Why does t0 estimate well in PMwG?

There has been substantial research and debate over the non-decision time parameter of evidence accumulation models. For LBA and diffusion models, there is often a discrepancy, where diffusion models show longer t0 times, with the LBA known to poorly estimate this parameter. Researchers are aware of this, however, the issue is largely ignored. Research into this parameter has used neural measurement data and muscular activity to provide useful estimates of t0 (i.e. the upper and lower limits of the parameter) to give a sense of how accurate this estimation is.

Recently, following a paper by Gunawan et al., (2020), a new method of Bayesian hierarchical estimation was outlined which shows more reliable parameter estimation. Following several modelling exercises using this method (known as Particle Metropolis within Gibbs - PMwG), it was found that t0 estimates were much improved from previous DE-MCMC sampling methods. “Improved” being that estimates of t0 often centered around 0.01 seconds, whereas in PMwG, this was closer to 0.1 seconds - much more reasonable and in line with literature. So maybe it wasn’t so much a problem with the model, but rather a problem with the model estimation. In this blog post, i explore why this might be.

First, parameter recovery

First of all, I’ll make sure this holds in a parameter recovery exercise

  • after all, we would like to know if the LBA is still doing a not-so-great job of figuring out t0. In this simulation exercise, I show t0 recovering at 3 different values for a single t0 LBA model (i.e. one t0 for all simulated conditions) and 3 lots of t0 values for a three t0 model (i.e. each condition has a t0 value). In the code below, small, medium and large refer to the input t0 parameters (small = fast t0, large = slow t0).

Single t0

  t0
Actual.t0 0.2000000
Recovered 0.2254268

Large t0

  t0
Actual.t0 0.1000000
Recovered 0.1715356

Medium t0

  t0
Actual.t0 0.0300000
Recovered 0.0836326

Small t0

Large

Medium

t0 varies with conds

  t0
Actual.t01 0.1500000
Actual.t02 0.2000000
Actual.t03 0.2500000
Recovered.t01 0.1227897
Recovered.t02 0.1991755
Recovered.t03 0.1987277

Large t0

  t0
Actual.t01 0.0500000
Actual.t02 0.1000000
Actual.t03 0.1500000
Recovered.t01 0.0733236
Recovered.t02 0.1138871
Recovered.t03 0.1758666

Medium t0

  t0
Actual.t01 0.0300000
Actual.t02 0.0600000
Actual.t03 0.0900000
Recovered.t01 0.0507706
Recovered.t02 0.0972373
Recovered.t03 0.1111606

Small t0

So, it looks like t0 recovers relatively well, but maybe overestimates smaller values. This means that the LBA may still not perfectly estimate actual t0 values, but could also come from the variance in the individual subject synthetic parameters. One thing is for sure though, t0 is recovered at reasonable values compared to old DE-MCMC. So what could help this estimation method?

Log Transform

One answer to this question is the log transformation of the parameter vector. This was proposed in Gunawan et al., (2020) so that values drawn from PMwG, which are on the real number line, could be used with the LBA

  • which requires positive-definite values. Hence, when using the LBA in PMwG, we take the exponent of the proposal parameters to calculate the likelihood - where we return the log of the likelihood.

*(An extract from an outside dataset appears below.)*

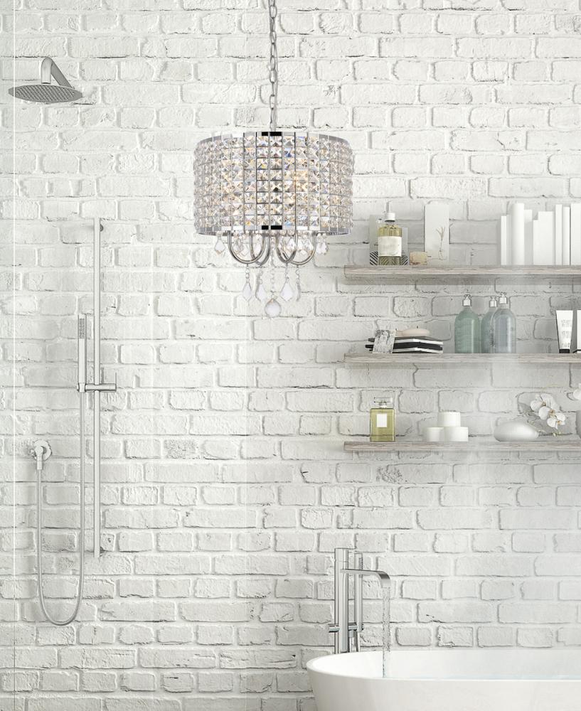 Lattice shade decorated with strands of crystals and suspended faceted crystal drops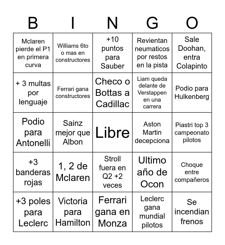 This bingo card has a free space and 24 words: 1, 2 de Mclaren, Victoria para Hamilton, Checo o Bottas a Cadillac, +3 poles para Leclerc, Sale Doohan, entra Colapinto, Mclaren pierde el P1 en primera curva, + 3 multas por lenguaje, Williams 6to o mas en constructores, Aston Martin decepciona, Stroll fuera en Q2 +2 veces, Liam queda delante de Verstappen en una carrera, Podio para Antonelli, Ultimo año de Ocon, Choque entre compañeros, Ferrari gana constructores, Leclerc gana mundial pilotos, Piastri top 3 campeonato pilotos, +10 puntos para Sauber, Podio para Hulkenberg, Sainz mejor que Albon, Se incendian frenos, +3 banderas rojas, Revientan neumaticos por restos en la pista and Ferrari gana en Monza.

Essentially by doing the log transform of the parameters, all particle values are sampled from the real number line. This makes it starightforward to specify their joint distribution as a multivariate normal (with full covariance matrix structure). Previously, we would’ve assumed that the prior joint distribution of the parameters was an uncorrelated, truncated (at zero) univariate normal. In this new approach, with the log transform (which in practice is just taking the exponential of the values on the real line), there are two key advantages; increasing sampling efficiency (sampling from the real line) and using more informed prior knowledge. further, previous methods could lead to overconfidence in the precision of estimation, and underestimation of the magnitide of individual differences - which could be key in estimating t0. With the covariance matrix able to be estimated, this links to the next section, but also, the log transform is necessary to better estimate this structure.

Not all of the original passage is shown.